Statue of Ramiro I of Asturias outside the Palau Reial in Madrid, photo by the author
Ramiro I was King of Asturias between 842 and 850. Some sources say he was son of Bermudo I (789-791) but Barbero and Vigil show good reasons to be suspicious about such claims in the Chronicle of Alfonso III, which is among other things very concerned to show a good long ancestry for its namesake monarch and seems to have pedigrees that no other source retains.2 Also, he lived a long time before succeeding if he was born during Bermudo’s reign, and since Bermudo allegedly abdicated because he was persuaded that his having entered the diaconate a long time before barred him from royal power, it is perhaps less likely that he was having kids after abdicating. So anyway, whoever he was, Ramiro was not unopposed, and he first had to defeat a rival king called Nepotian, supposedly a relative of Alfonso II (791-842) whom they were battling to succeed. Had Ramiro not won, I imagine it would now be clear that Nepotian was the closer kin and therefore rightful heir, but Ramiro defeated and killed him and so it’s Ramiro who got written into the succession. Not that things got easier for him: two years later Vikings made one of their few descents on Spain, though Ramiro was tough enough for them, and in 846 the Muslims captured the southernwards city of León, though it is a very long way from clear that Ramiro actually controlled that area despite Alfonso III’s chronicle’s claims, which are a lot more to do with the fact that he did.3 Anyway, Ramiro was unable to laugh that one off and it stayed lost to Asturias for some time.

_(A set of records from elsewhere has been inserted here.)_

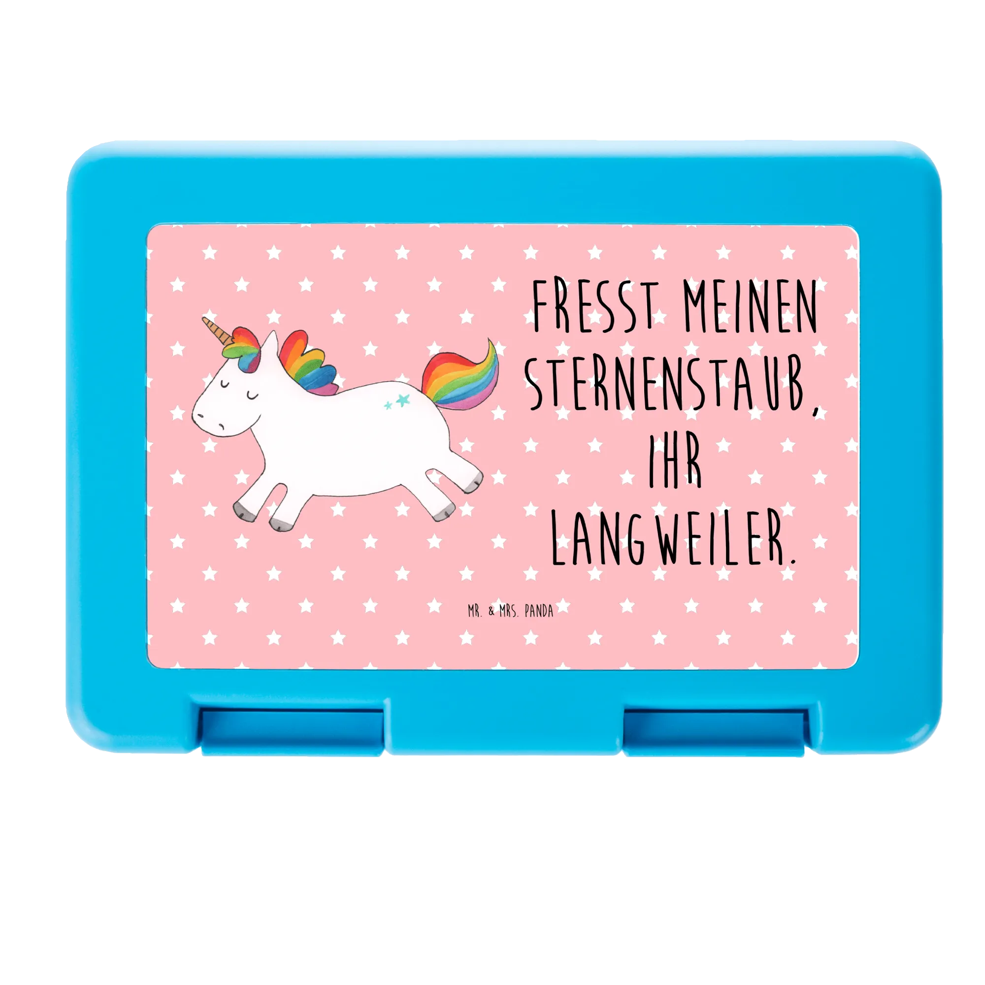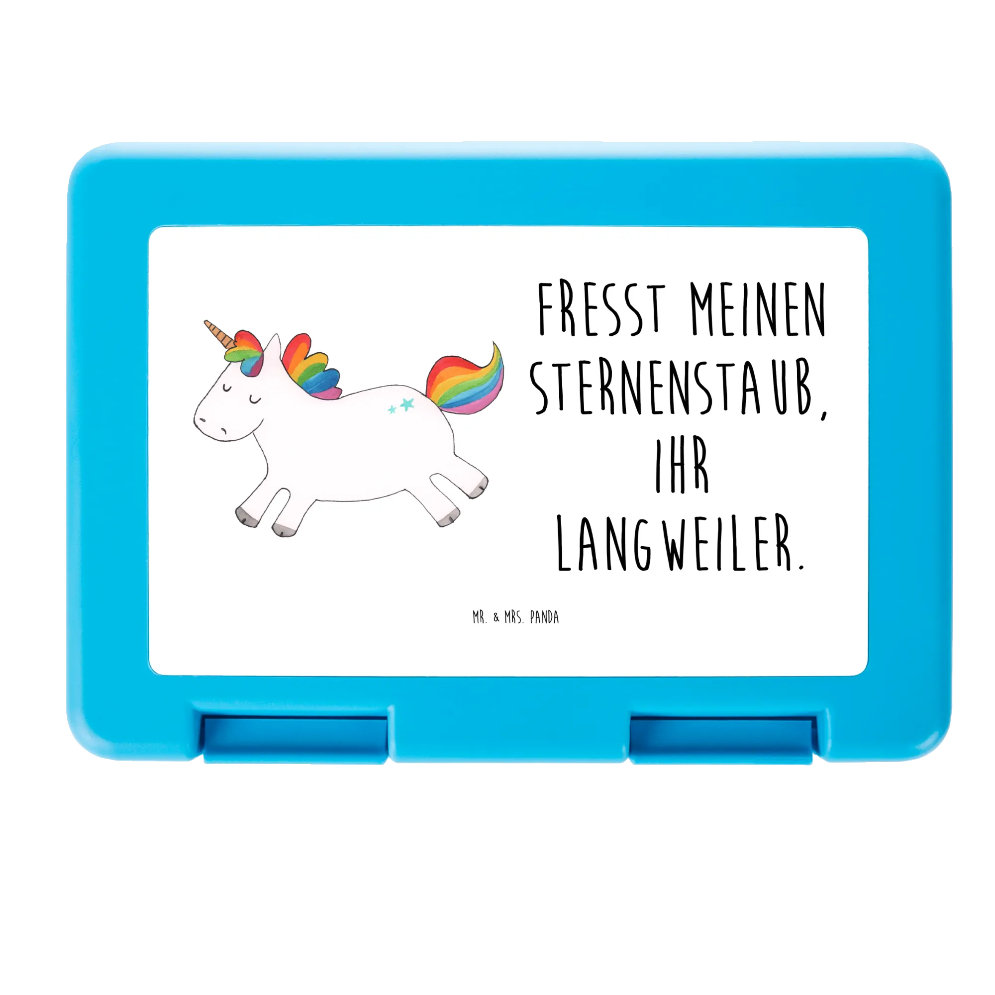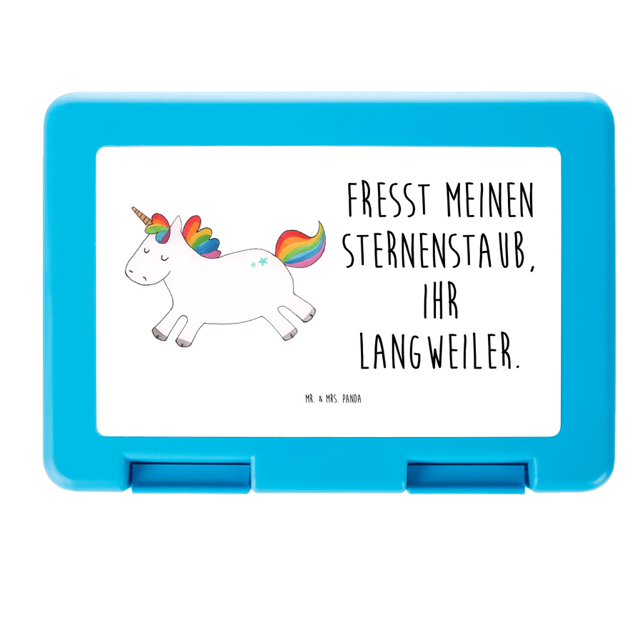 Der leicht zu bedienende Doppelverschluss sorgt dafür, dass alles sicher an seinem Platz bleibt und du dir keine Sorgen um verrutschende Leckereien machen musst. Die Brotdose ist ein ideales Geschenk für alle Einhorn-Liebhaber und die perfekte Wahl, um einem besonderen Menschen eine Freude zu machen. Ob zum Geburtstag, als kleine Aufmerksamkeit für die Schule oder einfach nur so – dieses Einhorn wird jedem ein Schmunzeln entlocken! Mit dem witzigen Spruch „Fresst meinen Sternenstaub, ihr Langweiler“ kommt Humor und Lebensfreude in jede Pause.
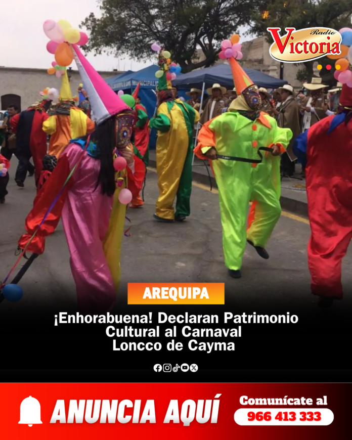 Oficialmente el Carnaval Loncco de Cayma ha sido declarado Patrimonio Cultural de la Nación por el Viceministerio de Patrimonio Cultural de Patrimonio Cultural e Industrias Culturales del Ministerio de Cultura.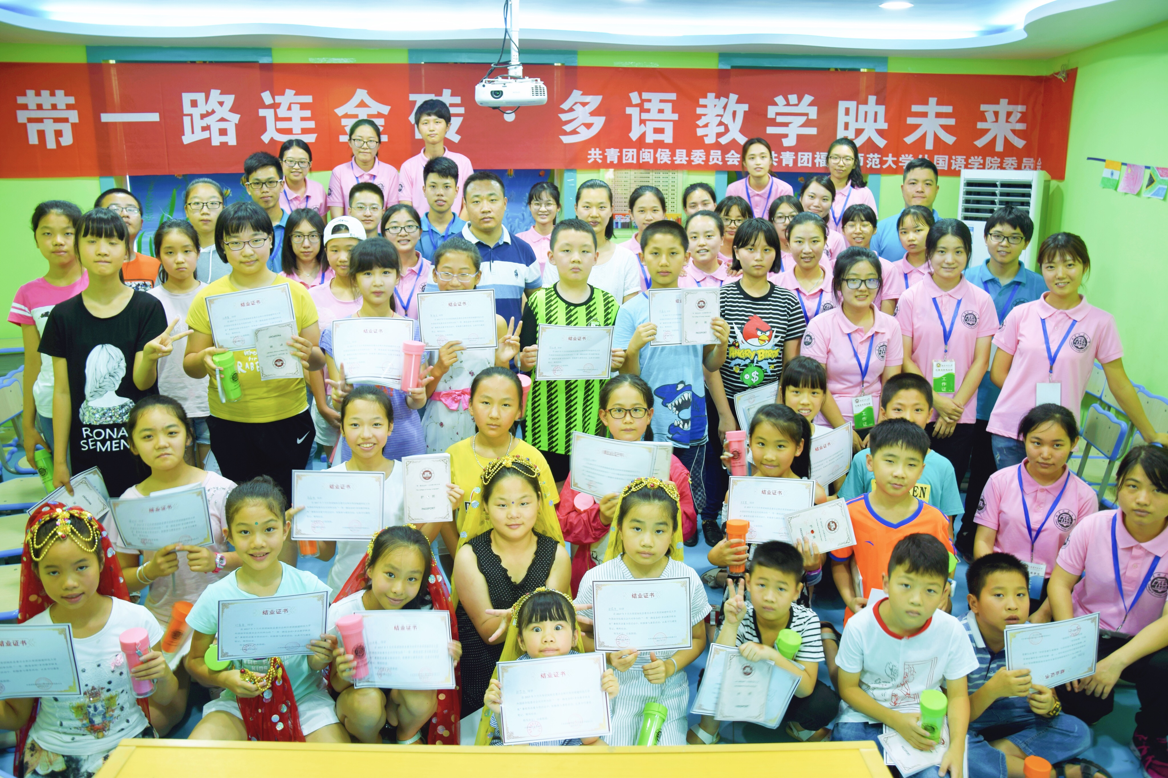 7月10日,闽侯县团委和我校外国语学院团委联合主办的“一带一路连金砖,多语教学映未来”暑期夏令营活动在闽侯县青少年宫拉开帷幕。闽侯县团委副书记江文南、福建师范大学外国语学院团委书记谢晶出席该活动的开营仪式。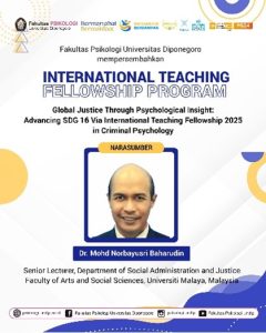 The Faculty of Psychology at Universitas Diponegoro (UNDIP) held a Visiting Professor Program by inviting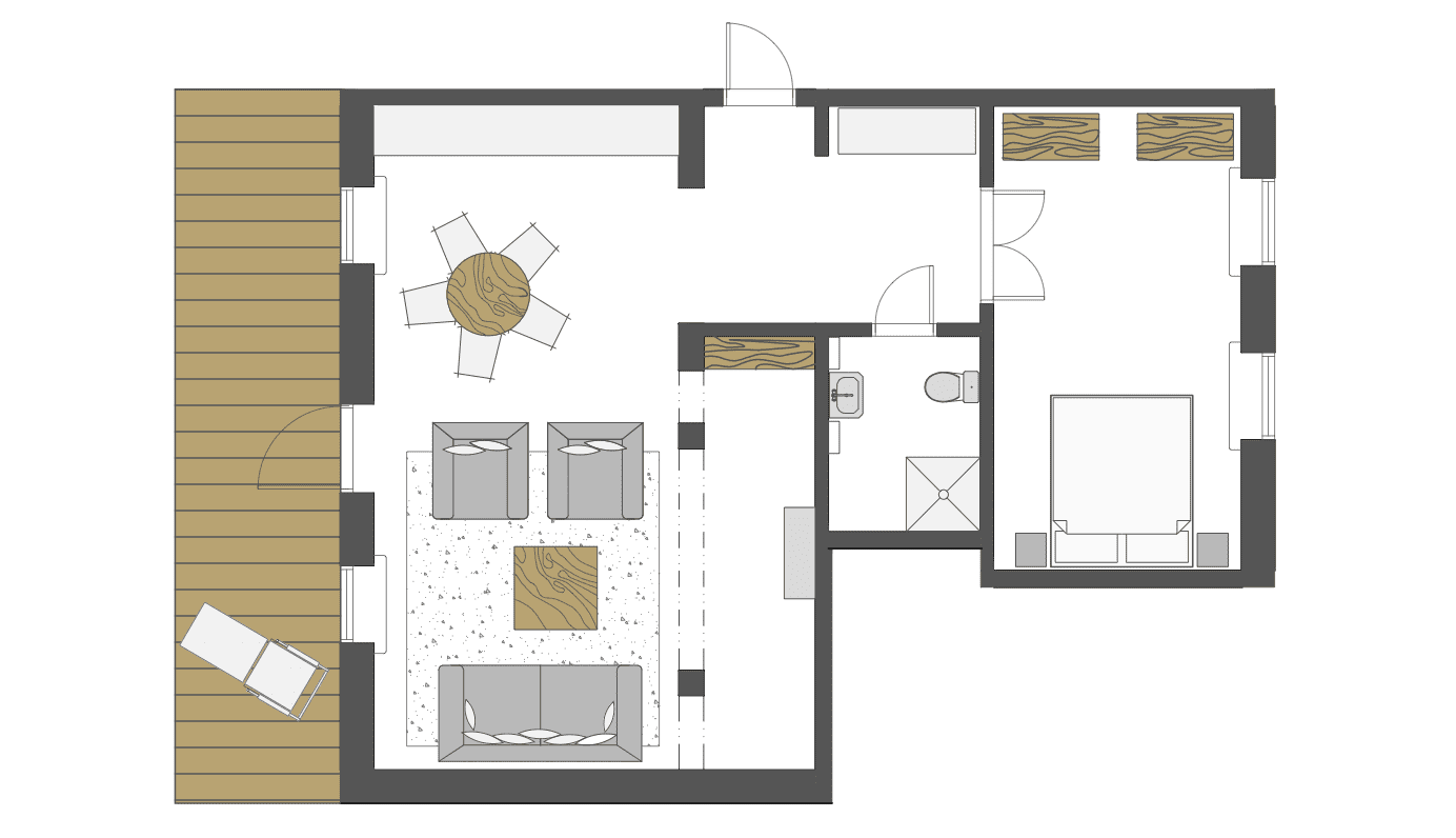 Kahetoaline korter asub maja esimesel korrusel ja on imelise merevaatega terrassiga. Korteri sisekujunduses on lähtutud nii hoone asukohast ja eripärast kui ka muinsuskaitse eritingimuste ettekirjutustest.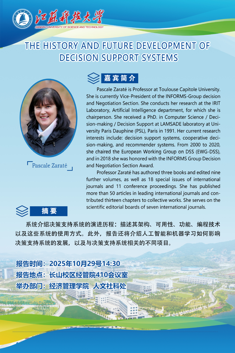 报告人简介:Pascale Zaraté is Professor at Toulouse Capitole University. She is currently Vice-President of the INFORMS-Group decision and Negotiation Section. She conducts her research at the IRIT Laboratory, Artificial Intelligence department, for which she is chairperson. She received a PhD. in Computer Science / Decision-making / Decision Support at LAMSADE laboratory at University Paris Dauphine (PSL), Paris in 1991. Her current research interests include: decision support systems, cooperative decision-making, and recommender systems. From 2000 to 2020, she chaired the European Working Group on DSS (EWG-DSS), and in 2018 she was honored with the INFORMS Group Decision and Negotiation Section Award. Professor Zaraté has authored three books and edited nine further volumes, as well as 18 special issues of international journals and 11 conference proceedings. She has published more than 50 articles in leading international journals and contributed thirteen chapters to collective works. She serves on the scientific editorial boards of seven international journals.
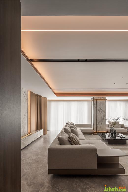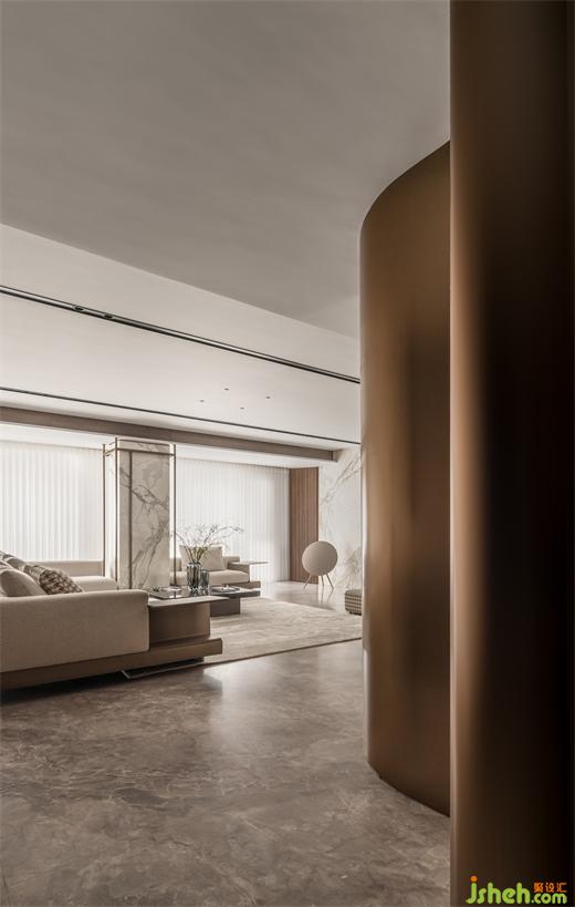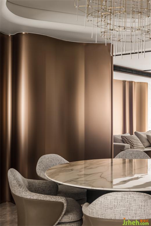▼ “金屬波浪”的視覺(jué)引導(dǎo),從玄關(guān)看客廳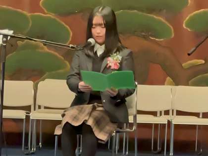 今年のテーマは「かなで綴られた日記文学」で、放送部員がそれぞれ課題作品である「土佐日記」「蜻蛉日記」「紫式部日記」「更級日記」の中から1つを選び、朗読を録音し応募をしました。今年度は中学・高校生部門に全国から230名の応募があったそうです。その中で、本校3年生のK.RさんとN.Sさんが一次・二次のテープ審査を通過し、最終審査会へと進む3名の中に選出されました。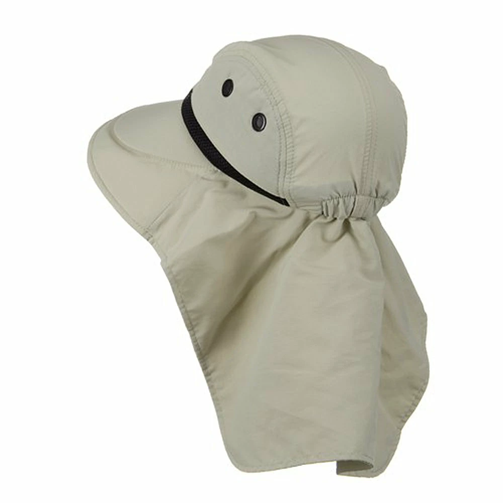 If you are looking for full sun protection hat, ourMoisture Management Large Bill Flap Cap is just for you! No worries even for this hot summer with wearing this wonderful sun flap cap. This flap sun cap features large bill that goes around the hat and back flap measures 8 inches long and about 14 inches wide, providing maximum protection and coverage from the hot sun and heat. This extreme outdoor hat is also made with cool mesh material and terry sweat band is featured inside the hat, so you will have no worries from sweating in hot weather. This sun flap cap features 2 big mesh eyelets on each side of hat, allowing your head to be well circulated. Made with thin, soft and cool material, this flap cap will keep your head cool this summer and it will provide maximum circulation and refreshing coolness at all times. Get this amazing sun protection flap cap which is perfect for any summer outdoor activities.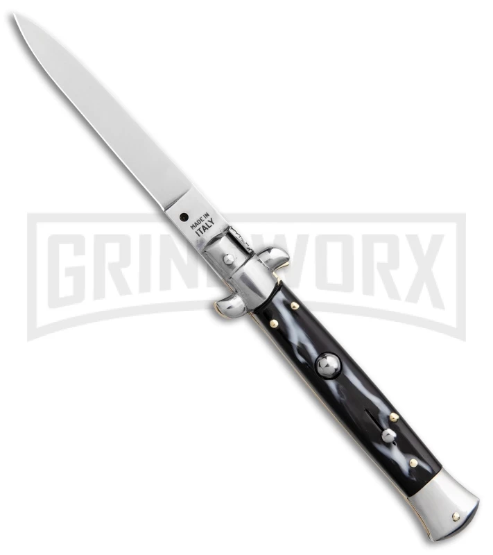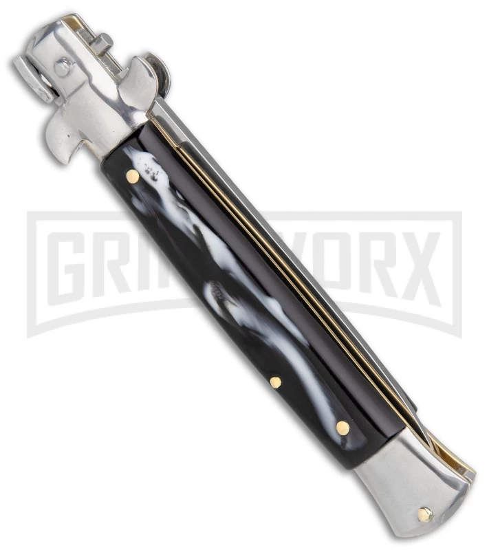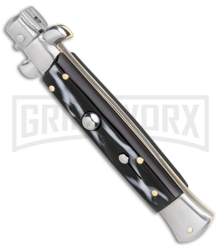 9.5″ Anomaly Stiletto Black Swirl Automatic Knife – Satin Plain

Santa Maria del Naranco, near Oviedo, previously the royal palace of Asturias, probably built for Ramiro I, image from Wikimedia Commons
Now most of my cynicism about the sources here is straight out of Barbero and Vigil, so you can tell I get on all right with that, but when it looks as if the sources might support some assertions about
long continuity and ancient indigenous custom, which was kind of their
deus ex machina for Asturian peculiarity, such careful sifting of evidence seems to have gone out of the window and we get things like the paragraph above, where to read it you would think that Ramiro’s opponents raised the earth and woods against him in the forms of their inhabitants. It’s like what
the Telmarines must have thought when Narnia came back to life, isn’t it? So, what does the source actually say? Here’s a translation, with the Latin in the footnote:
Ramiro reigned seven. He was a rod of justice. He tore out the eyes of bandits. To wizards he put an end by fire. And the tyrants ranged against him, with amazing speed he overthrew and exterminated. Firstly he overcame Nepotian at the Bridge of Cornellana and thus came to the throne. At the same time the Northmen first came to Asturias. Afterwards of the same Nepotian along with a certain tyrant Aldroito, he blinded the eyes of both of them, and, the victor, killed the proud Piniolo. At Liño he built a church and a palace vaulted with wonderful artistry. There he passed away from this world and rests buried in Oviedo. On the day of the Kalends of February in the Era 888.4
So, er hang on, where’s this unified rural opposition again? I had Nepotian all drawn up with an army of dwarves and hags already, and that just looks like a fairly generic statement of harsh justice meted fairly to me. At the very most it’s a “no-one could kick King Ramiro’s behind! No sir! He kicked theirs! And how!” level of panegyric, not a detailed analysis of his opposition. Unlike in the slave revolt under Aurelio that Barbero and Vigil reference, I don’t see any sign here that there was any genuine peasant uprising in this note; I’m sure Asturias had enough badlands, most notably to the southern edge through which traders might be going to and from Muslim Spain, to keep a fair few bandits going. I don’t think banditry always has to indicate peasant reactions to oppressive rule, I see it more as a reaction to opportunity to make it rich quickly and run away safely, and a border land like there certainly had that.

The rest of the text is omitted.